### What this task involves
Below are records; transcribe each one exactly.

(Items listed in a dataset)
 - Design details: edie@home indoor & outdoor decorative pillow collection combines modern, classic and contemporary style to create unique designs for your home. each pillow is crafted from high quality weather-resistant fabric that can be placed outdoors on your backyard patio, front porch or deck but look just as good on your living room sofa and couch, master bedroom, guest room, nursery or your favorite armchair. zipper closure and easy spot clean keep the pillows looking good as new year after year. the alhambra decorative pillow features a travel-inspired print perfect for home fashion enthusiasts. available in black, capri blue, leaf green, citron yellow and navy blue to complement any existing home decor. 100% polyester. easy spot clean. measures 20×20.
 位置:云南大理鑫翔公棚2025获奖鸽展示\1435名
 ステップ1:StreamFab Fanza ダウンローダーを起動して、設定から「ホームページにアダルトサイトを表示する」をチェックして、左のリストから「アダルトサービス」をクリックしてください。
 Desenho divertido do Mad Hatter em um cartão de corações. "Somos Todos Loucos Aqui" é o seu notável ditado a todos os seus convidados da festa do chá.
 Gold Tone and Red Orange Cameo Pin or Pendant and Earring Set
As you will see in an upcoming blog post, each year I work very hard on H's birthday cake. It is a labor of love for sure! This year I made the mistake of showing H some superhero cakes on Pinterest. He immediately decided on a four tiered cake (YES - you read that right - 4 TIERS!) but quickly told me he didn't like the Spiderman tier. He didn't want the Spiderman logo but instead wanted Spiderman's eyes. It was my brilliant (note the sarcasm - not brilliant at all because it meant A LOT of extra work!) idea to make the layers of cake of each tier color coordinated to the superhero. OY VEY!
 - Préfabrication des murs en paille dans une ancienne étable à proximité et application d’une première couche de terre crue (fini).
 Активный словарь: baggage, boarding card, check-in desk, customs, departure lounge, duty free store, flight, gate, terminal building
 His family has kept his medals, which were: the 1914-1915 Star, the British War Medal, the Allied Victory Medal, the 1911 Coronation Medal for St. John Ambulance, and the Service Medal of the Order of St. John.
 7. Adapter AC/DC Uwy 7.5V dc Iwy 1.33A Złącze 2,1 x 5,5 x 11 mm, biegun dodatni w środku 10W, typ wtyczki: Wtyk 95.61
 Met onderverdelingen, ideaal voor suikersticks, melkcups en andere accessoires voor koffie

### Solution to the problem
 - Design details: edie@home indoor & outdoor decorative pillow collection combines modern, classic and contemporary style to create unique designs for your home. each pillow is crafted from high quality weather-resistant fabric that can be placed outdoors on your backyard patio, front porch or deck but look just as good on your living room sofa and couch, master bedroom, guest room, nursery or your favorite armchair. zipper closure and easy spot clean keep the pillows looking good as new year after year. the alhambra decorative pillow features a travel-inspired print perfect for home fashion enthusiasts. available in black, capri blue, leaf green, citron yellow and navy blue to complement any existing home decor. 100% polyester. easy spot clean. measures 20×20.
 位置:云南大理鑫翔公棚2025获奖鸽展示\1435名
 ステップ1:StreamFab Fanza ダウンローダーを起動して、設定から「ホームページにアダルトサイトを表示する」をチェックして、左のリストから「アダルトサービス」をクリックしてください。
 Desenho divertido do Mad Hatter em um cartão de corações. "Somos Todos Loucos Aqui" é o seu notável ditado a todos os seus convidados da festa do chá.
 Gold Tone and Red Orange Cameo Pin or Pendant and Earring Set
As you will see in an upcoming blog post, each year I work very hard on H's birthday cake. It is a labor of love for sure! This year I made the mistake of showing H some superhero cakes on Pinterest. He immediately decided on a four tiered cake (YES - you read that right - 4 TIERS!) but quickly told me he didn't like the Spiderman tier. He didn't want the Spiderman logo but instead wanted Spiderman's eyes. It was my brilliant (note the sarcasm - not brilliant at all because it meant A LOT of extra work!) idea to make the layers of cake of each tier color coordinated to the superhero. OY VEY!
 - Préfabrication des murs en paille dans une ancienne étable à proximité et application d’une première couche de terre crue (fini).
 Активный словарь: baggage, boarding card, check-in desk, customs, departure lounge, duty free store, flight, gate, terminal building
 His family has kept his medals, which were: the 1914-1915 Star, the British War Medal, the Allied Victory Medal, the 1911 Coronation Medal for St. John Ambulance, and the Service Medal of the Order of St. John.
 7. Adapter AC/DC Uwy 7.5V dc Iwy 1.33A Złącze 2,1 x 5,5 x 11 mm, biegun dodatni w środku 10W, typ wtyczki: Wtyk 95.61
 Met onderverdelingen, ideaal voor suikersticks, melkcups en andere accessoires voor koffie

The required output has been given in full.